**Provided records**
--- START ---
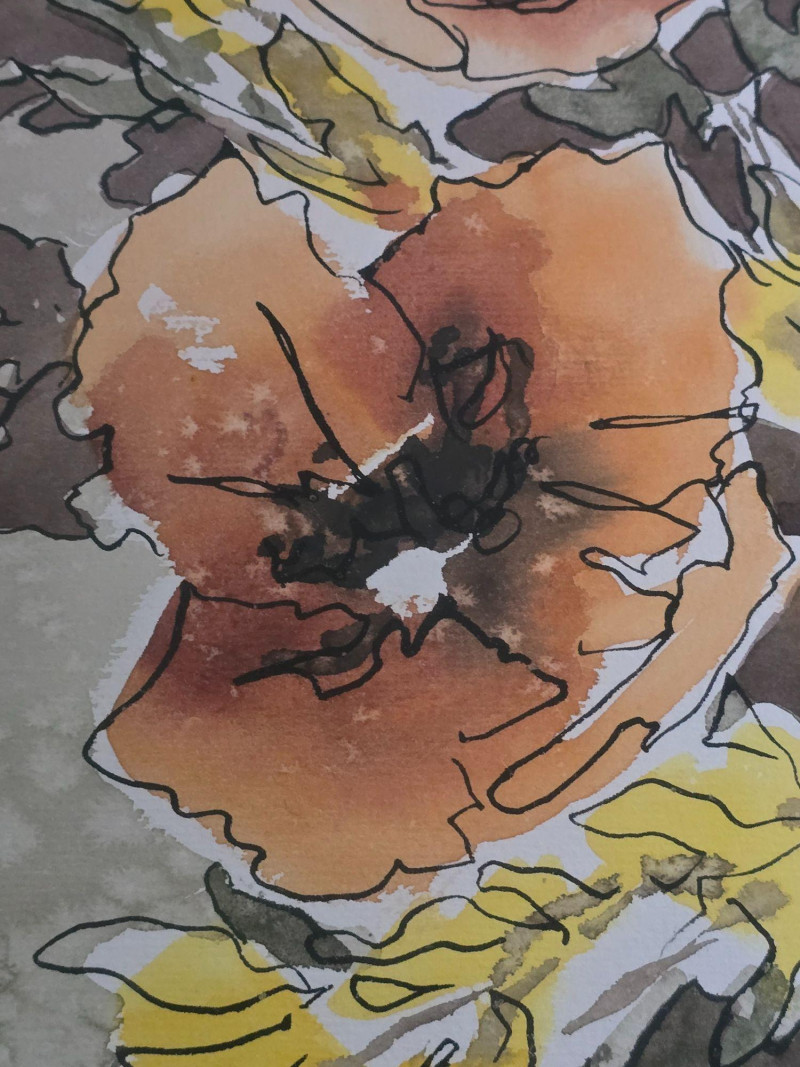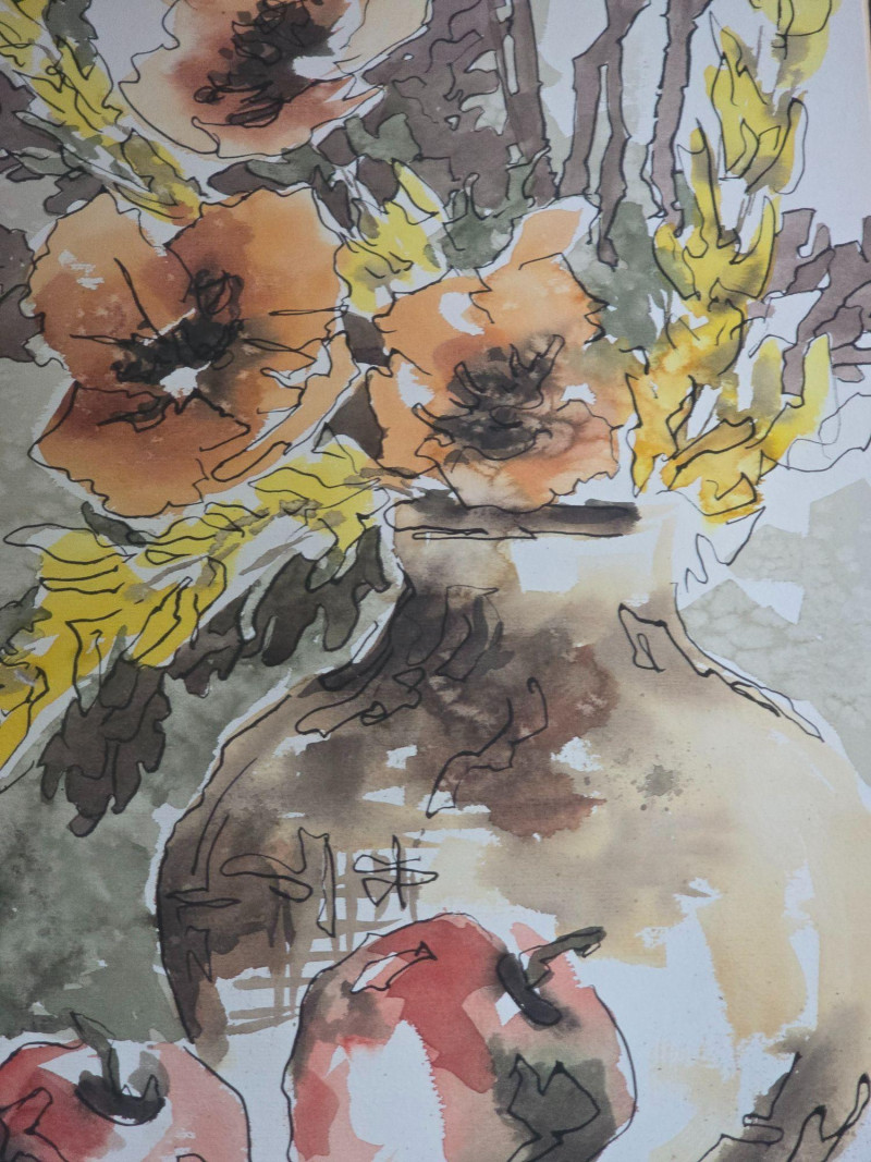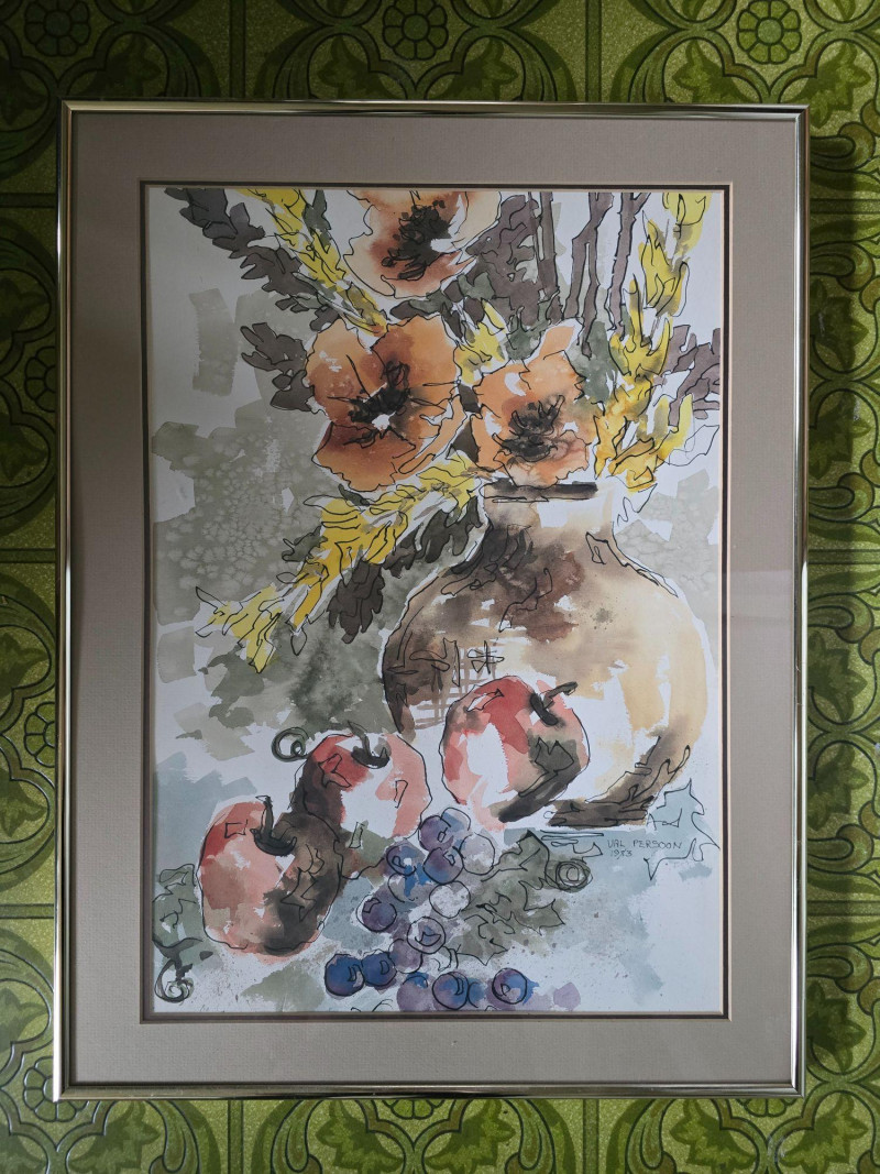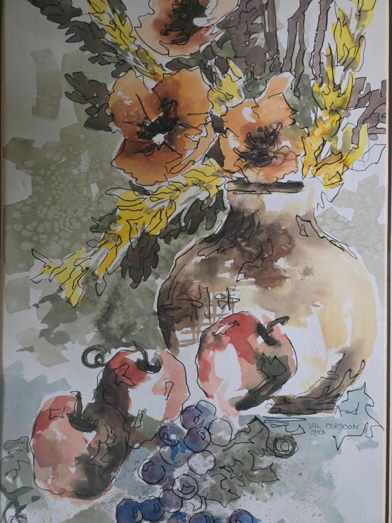 Expressive original watercolor still life by Val Persoon, signed and dated 1983. The composition centers on a vase of warm orange and yellow flowers surrounded by fruit, outlined in ink and finished with layered watercolor washes. Persoon’s loose, gestural linework and soft tonal transitions give the piece an inviting, atmospheric quality that appeals to collectors of vintage and mid‑century watercolor work. Detail images show the signature, date, and characteristic brushwork, highlighting the artist’s confident handling of line and color. Artist Bio:
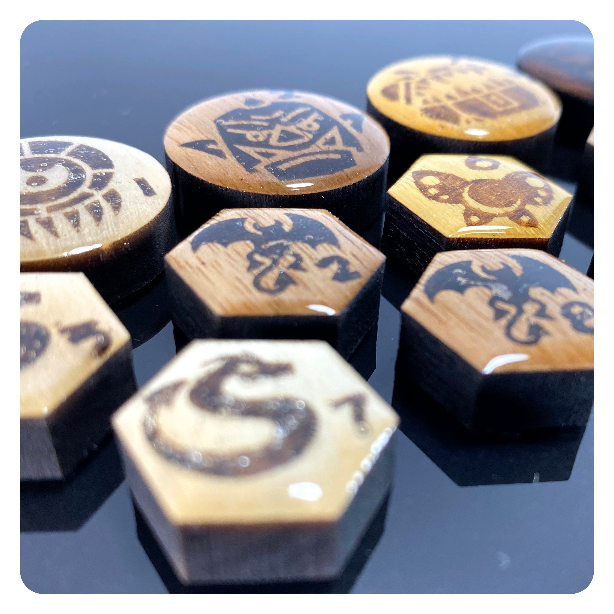 Tiny tokens measure approximately 1/2” and Small/Medium tokens measure just under 1” making them compatible with any 1” grid mat/map.
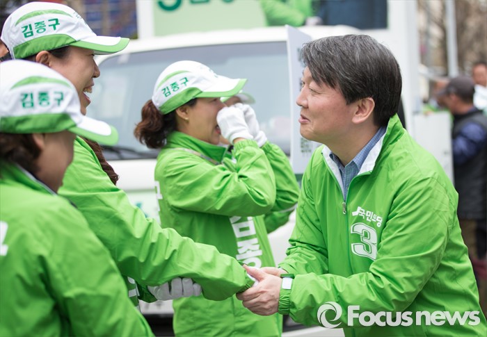 (서울=포커스뉴스) 총선 선거운동이 공식적으로 시작된 31일 오후 안철수 국민의당 상임공동대표가 서울 영등포구 여의도백화점 앞에서 김종구 영등포을 후보 지원 유세를 하던 중 선거운동 봉사자들과 인사를 나누고 있다.
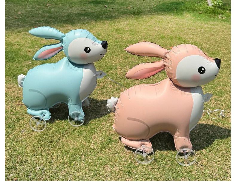 small [blue rabbit] three-dimensional walking with wheels
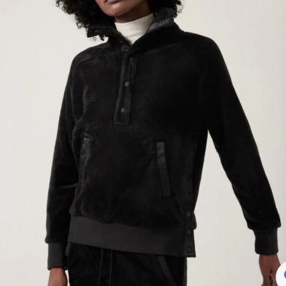 Keywords: Athleta fleece pullover, cozy snap sweatshirt, women’s black fleece, Athleta Recover top, loungewear, fall layering, athleisure
--- END ---
**About this exercise**
The answer must be the full listing above, copied exactly, with no pictures in it.

**Result**
 Expressive original watercolor still life by Val Persoon, signed and dated 1983. The composition centers on a vase of warm orange and yellow flowers surrounded by fruit, outlined in ink and finished with layered watercolor washes. Persoon’s loose, gestural linework and soft tonal transitions give the piece an inviting, atmospheric quality that appeals to collectors of vintage and mid‑century watercolor work. Detail images show the signature, date, and characteristic brushwork, highlighting the artist’s confident handling of line and color. Artist Bio:
 Tiny tokens measure approximately 1/2” and Small/Medium tokens measure just under 1” making them compatible with any 1” grid mat/map.
 (서울=포커스뉴스) 총선 선거운동이 공식적으로 시작된 31일 오후 안철수 국민의당 상임공동대표가 서울 영등포구 여의도백화점 앞에서 김종구 영등포을 후보 지원 유세를 하던 중 선거운동 봉사자들과 인사를 나누고 있다.
 small [blue rabbit] three-dimensional walking with wheels
 Keywords: Athleta fleece pullover, cozy snap sweatshirt, women’s black fleece, Athleta Recover top, loungewear, fall layering, athleisure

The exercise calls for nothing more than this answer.